Ds also has a part in a play that the church is doing!


----------



## ollyoxenfree (Jun 11, 2009)

Quote:


Originally Posted by *rightkindofme* 
Uhm, I find the assumptions of sneakiness kind of odd.


Oh, I'm not sure about that. It was the first time the grandparents watched the child. It was the first time the child had been to church. I would expect either of these events to generate a minute-by-minute, blow-by-blow re-telling from proud grannie and grandpa about what they did and how things went. Yet they said nothing:

Quote:


Originally Posted by *snoopy5386* 
This weekend for the first time MIL and SFIL watched DD so we could go away overnight -

When I talked to them Saturday night they mentioned getting together with some nearby relatives the next morning.

MIL never mentioned church - either before or afterward..


If the grandparents mentioned casually that they had gone to church and the child liked it or was well-behaved or even was a little terror, then I'd be more inclined to think it was just part of their routine. The fact that they said nothing about a fair part of their day together speaks volumes.

The OP will have to judge whether the grandparents are entirely innocent in intentions and in disclosure. If they have told her all about the other events of the weekend, and chose to say nothing about church, I'd be a little suspicious.

And even if they are entirely innocent, I would still have a discussion explaining that I'd like to know details about their plans and activities when they watch my children.


----------



## lotusdebi (Aug 29, 2002)

It definitely comes across as sneaky to me. And I really wouldn't be okay with it. But, the few people who watch my children already know this, so it wouldn't be an issue for me.

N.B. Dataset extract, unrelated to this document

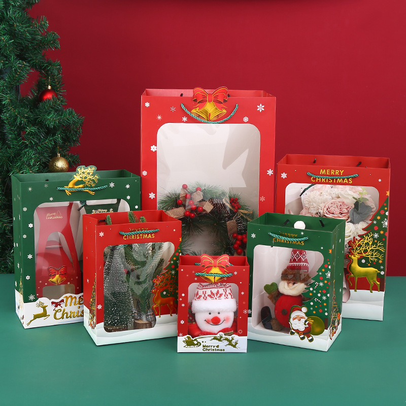 クリスマスイブの新しいウィンドウ紙袋アップルギフトバッグハンドバッグギフトバッグサンタクロースの花束ギフトバッグ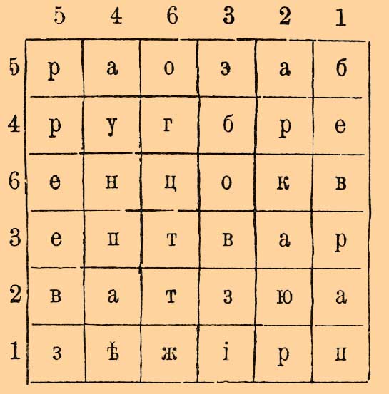 Особую категорию образуют так называемые шифры с перемещением. Буквы, входящие в состав письма, остаются те же, но пишутся в ином порядке. Их сначала помещают в клетки квадрата, причем располагают либо от правой руки к левой, либо сверху вниз или снизу вверх попеременно, либо, наконец, по диагонали; шифрованное таким образом письмо пишется уже, как всегда, от левой руки к правой. В этой категории шифров самым интересным является так называемый "шифр нигилистов". "Нигилисты" для нумерации клеток квадрата (по Флейснеру) пользовались определенным словом-секретом; буквы секрета нумеровались сообразно с местом, занимаемым ими в порядке алфавита. Номера эти наносились как на линию языка, так и на секретную линию; числа секретной линии в таком случае обозначали порядок строк, а числа линии языка — порядок букв в каждой строке. Пусть, например, секретом служило слово "Москва", и требовалось шифровать телеграмму: "Прiезжаю завтра в Петербургъ. Базаровъ". По "Ш. нигилистов" текст, разделенный на 5 групп, представляется в следующем виде: раоза бругбреенцоквеп тварв атзюа зежiрп.

There are churches that preach that their way is the only way. There are churches that preach intolerance of others. There are churches that preach about hell and damnation. There are churches that preach hatred. And most churches are going to preach about the existence of a supernatural being. I don't want my children being taught this stuff until they're old enough to know their own minds, and have been taught to adequately filter messages from adults. Some of these messages can be incredibly harmful to children, and it's my responsibility to protect my kids from those ideas until they can properly process them. I am teaching my children about different religions. Teaching them about religions from an intellectual and historical point of view, and teaching them that certain religions are truth and that the only way to be a good person is to follow their rules, are totally different things. There will be a point at which my children will be permitted to go to different houses of worship. The only one that I'd be okay with at this point in their developments might be a Unitarian Universalist church because of the way they approach differing belief systems.


----------



## ginapueblo (Mar 2, 2008)

While church wasn't the issue for our family (crap food was), I have learned that it is worth letting go of your own agenda and letting your children have a relationship that is not controlled by you with their grandparents. You benefit by getting away time, the grandparents benefit by doting on their grandbabies, and the children benefit by learning to adapt to different rules and routines AND by being "spoiled" by the grandparents. I was seriously wound up about these things and it has taken me over a decade to chill, but I am so much happier turning them over and letting them have their own relationships on their own terms.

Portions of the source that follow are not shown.